Он, конечно, не смог бы ответить, почему это должно было случиться, или случиться именно тогда, и, пожалуй, даже удивился бы такому вопросу. Ведь самое главное, что это было тайной, тайной бережно хранимой от отца и матери, и что в самой таинственности и заключалась почти вся волнующая прелесть. Так бывает, когда, не показывая никому, носишь в кармане удивительно красивую вещицу: редкую марку, старую монету, обрывок тоненькой золотой цепочки, растоптанной на дорожке в парке и найденной, камушек, ракушку, не похожую ни на какую другую из‑за особенного пятнышка или полоски — и, как если бы его тайна была той же природы, он носил её со всё растущим теплым и сладостным чувством обладания. Нет, не одного только обладания, но и приюта. Непонятным волшебством тайна стала его крепостью, за которой он мог укрыться в дивном уединении. И это, за исключением, может быть, самой лишь странности случившегося, сразу привлекло его ум, и сейчас, когда он сидел в классе, в сотый раз явилось ему.

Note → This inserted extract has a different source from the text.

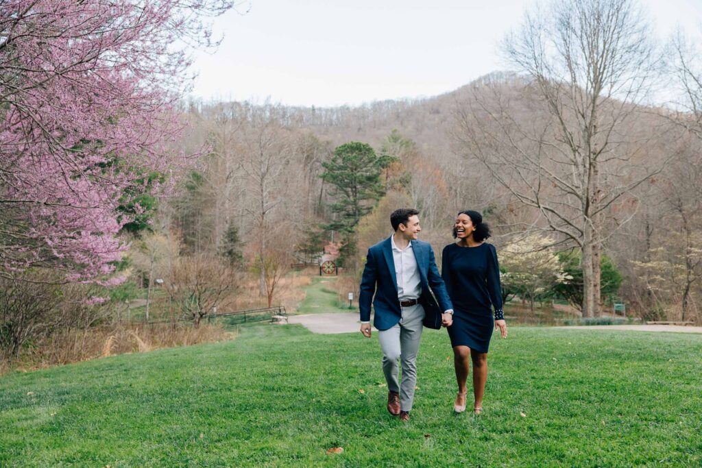 The North Carolina Arboretum is one of the most reliable Asheville proposal locations because of its variety. There are multiple gardens, open areas, and more tucked-away paths, which means flexibility if something changes. It’s beautiful year-round, especially in spring when everything is blooming, and there are always options to create a moment that feels natural and personal. Even winter is amazing because of Winter Lights, though it can get pretty crowded during the holidays.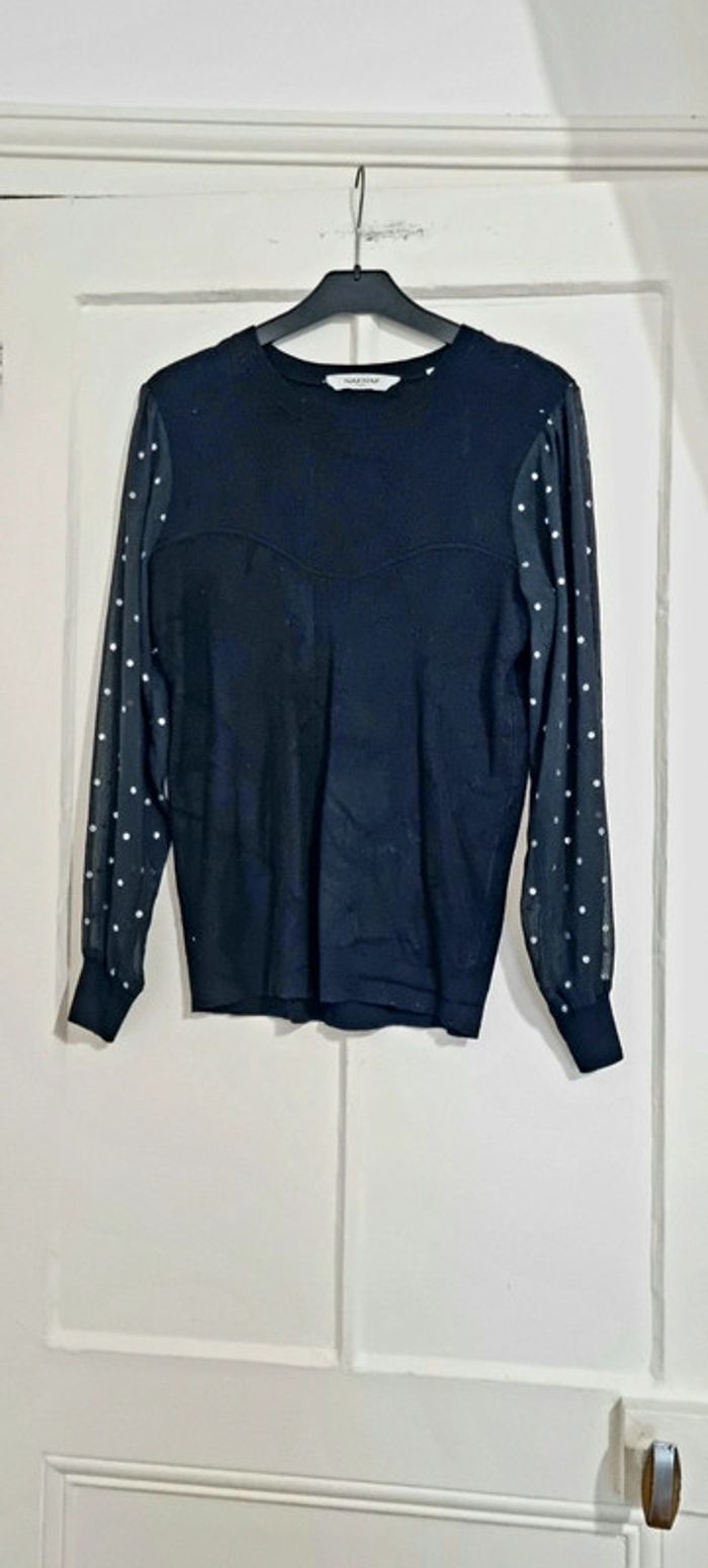Pull fin bi matière noir pois argenté M 38 naf naf - photo numéro 1

Шла вторая половина урока географии. Мисс Бюэл медленно, одним пальцем вращала огромный глобус на столе. Возникали и уплывали зеленые и желтые материки, ответы следовали за вопросами, маленькая Дэрда, девочка со смешным созвездием веснушек на затылке, копия Большой Медведицы, встала и ответила мисс Бюэл, что экватор — это линия, которая находится посередине.

Лицо мисс Бюэл, пожилое, поблекшее и доброе, с седыми жесткими прядями на щеках, и глазами, яркими и плавающими, как рыбки за толстыми очками, сморщилось и просияло.

— Ага, я поняла. Значит, Земля носит поясок или веревочку, или кто‑то взял и перевязал её бечевкой?

— Нет, не так, я думала…

Он не рассмеялся со всеми, может, лишь чуть улыбнулся. Он думал об Арктике и Антарктике, которые на глобусе, конечно, были белыми. Сейчас мисс Бюэл рассказывала о тропиках, о джунглях, о душной жаре экваториальных болот, где и птицы, и бабочки, и даже змеи подобны живым самоцветам. Прислушиваясь, он уже сладостным и ленивым усилием заслонялся от слов своей тайной. Да разве можно это назвать усилием? Ведь усилие — это нечто осознанное, даже нежелательное, а ему оно было приятно, и совершалось как бы само собой. Ему только надо было подумать о том утре, о первом утре и обо всех наступивших за ним…

О, как это было просто! Как мало от него требовалось — совсем ничего не требовалось, одна только мысль — и почему же она всегда приносила столько несравненной радости — в этом была тайна, тайна несомненно приятная и, странным образом, глупая. И всё же не переставая слушать миссис Бюэл, которая к этому времени переместилась уже в умеренные широты Северного полушария, он намеренно вызвал воспоминание о первом утре. Это длилось секунду или две после того, как он проснулся, а, может быть, в самый момент пробуждения. Но кто скажет, где же этот точно определенный момент пробуждения? Как просыпается человек — сразу? или постепенно? В то утро он лениво протянул руку к спинке кровати, зевнул и снова расслабился под теплым одеялом, благодарный декабрьскому утру, что именно оно принесло с собой это. Вдруг, безо всякой причины, он подумал о почтальоне, он вспомнил почтальона. В этом, пожалуй, не было ничего странного — ведь он слышал его приближение каждое утро своей жизни — ещё из‑за угла доносились шаги его тяжелых ботинок, когда он поднимался по крутой улочке. Шаги становились всё ближе, всё громче, два стука в каждую дверь, потом на другую сторону улицы и обратно, потом почтальон неуклюже топал к самой их двери, и раздавался страшный стук, сотрясавший весь дом.

(Мисс Бюэл объясняла: «Обширные районы Северной Америки и Сибири, занятые посевами пшеницы…»

Дэрда на минуту положила левую руку себе на затылок.)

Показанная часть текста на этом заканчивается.